Just as there are many roles in the digital health space, there are many places to start, depending on your areas of interest and experience. If you have a product idea, you can find or launch a startup and begin the process of making a product and bringing it into the healthcare market! Some agencies can help advise on business and regulatory aspects of this, not least the medical device regulator, the Medicines and Healthcare Products Regulatory Agency (MHRA). You can also look for jobs on LinkedIn. Other social media services are available too. Unfortunately, there are no formal undergraduate education or speciality training programs in this emerging discipline in the UK, at least yet. There are several courses offered nationally that cover different aspects of Clinical Informatics.
In the NHS, there are forums on various topics (including for clinicians who code) at Digital Health Networks. There are the NHS PyCom and NHS-R communities, focused on applications written in the Python and R programming languages.
If you are interested in digital health, you can contribute in many ways or start developing your knowledge and skills.
The British Computer Society Health and Care Group (formerly the Faculty of Clinical Informatics) has developed a Core Competency Framework to guide clinicians in developing their knowledge and skills in the field of clinical informatics. There is also the Federation for Informatics Professionals in Health and Social Care (FEDIP).
Learning to code can be a great start in clinical informatics. This opens doors to data science, machine learning and application development. There are many resources online. Let’s Do Digital has many resources, including interactive courses and an annual conference. Watch out for the “Essentials of Health Informatics” handbook that Let’s Do Digital will deliver in early 2025, just like your Oxford handbook, but for clinical informatics and online, free and always up to date.
In collaboration with Let’s Do Digital, Mind the Bleep is hosting a webinar on Introduction to Health Informatics on 27th November.
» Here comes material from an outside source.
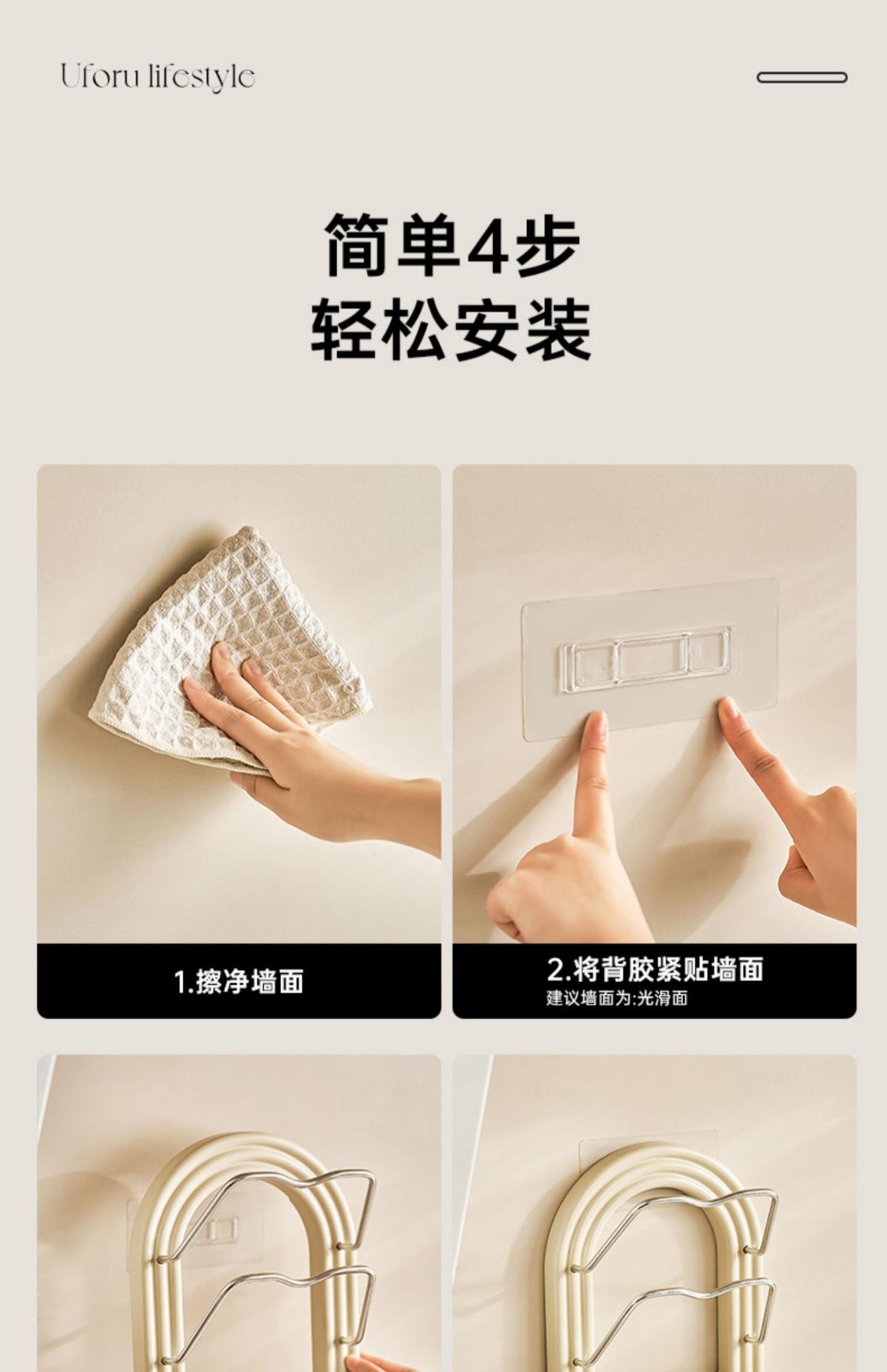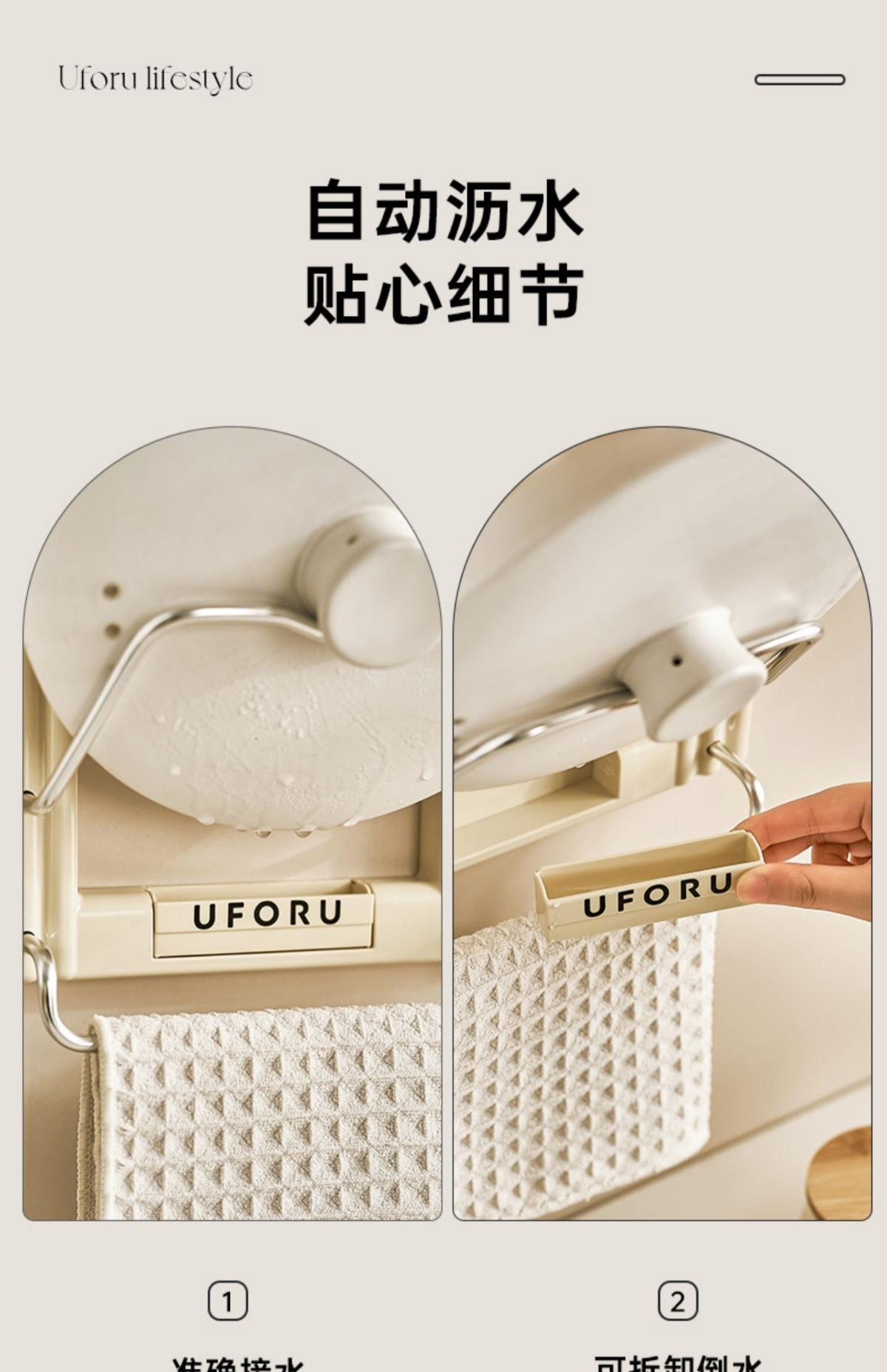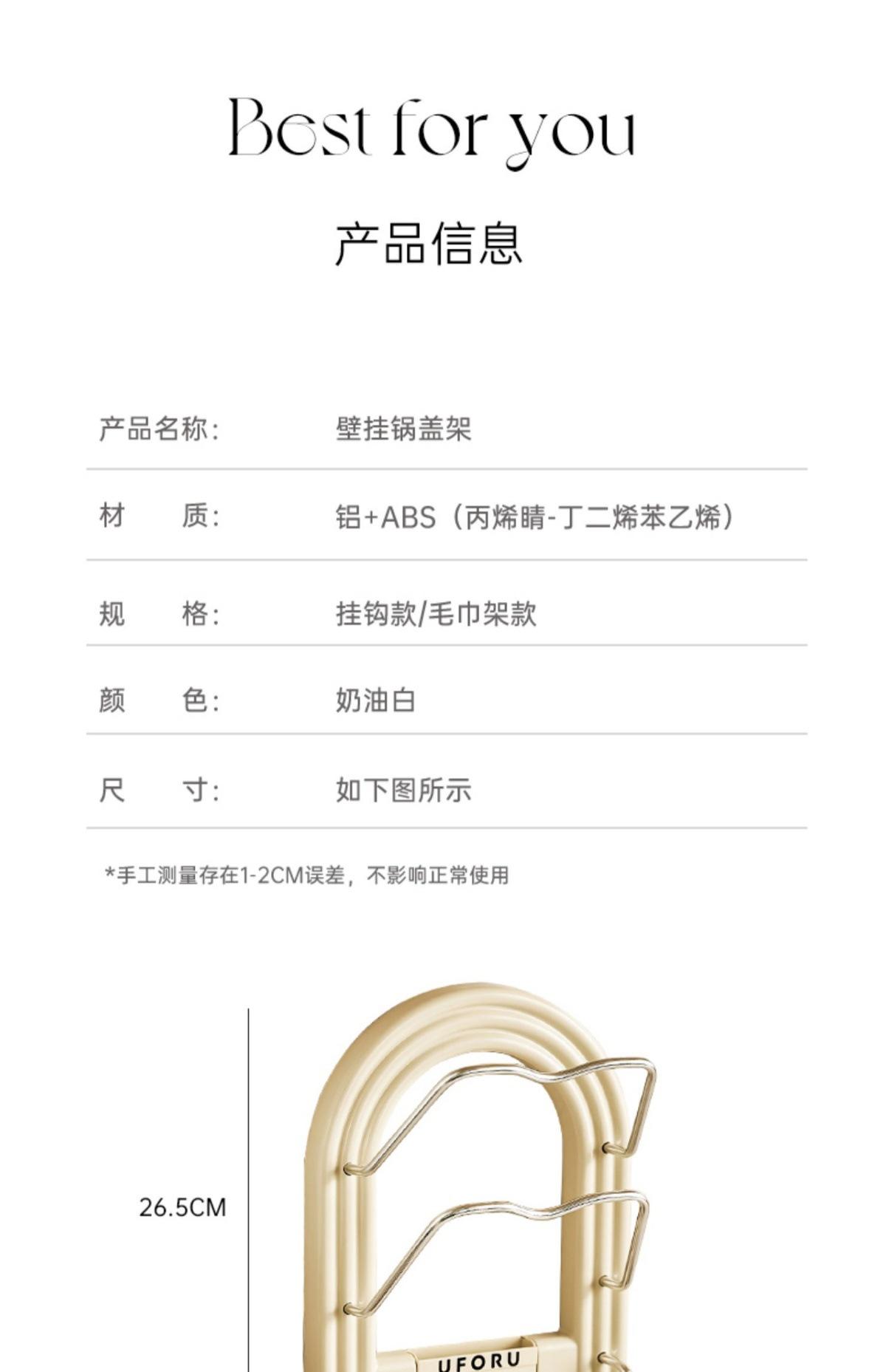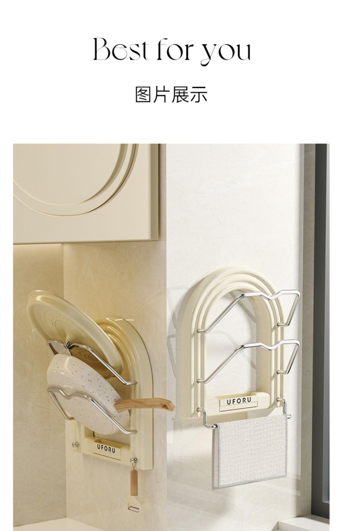 Pot lid holder - towel rack (cream white) [no punching required - free traceless sticker + screwdriver]

Register now at MedAll.
Wrapping Up
As healthcare rapidly evolves, digital health and clinical informatics are becoming essential elements of the medical landscape. By integrating advanced technologies and data-driven insights into everyday clinical work, these fields are enhancing patient care, improving efficiency, and creating new opportunities for healthcare professionals like you.
For medical students, you’ll have a head start if you begin exploring these areas now. Soon, you could be contributing to an exciting new smart device, writing code for electronic health record software, analysing data for the National Diabetes Audit or designing a new portable paediatric ventilator!
Digital health touches every aspect of healthcare planning and provision and offers diverse career paths that complement traditional medical roles. As you continue your journey in medicine, embracing digital health will equip you to deliver better care and position you at the forefront of digital transformation. The future of medicine is digital, and now is the perfect time to be a part of it.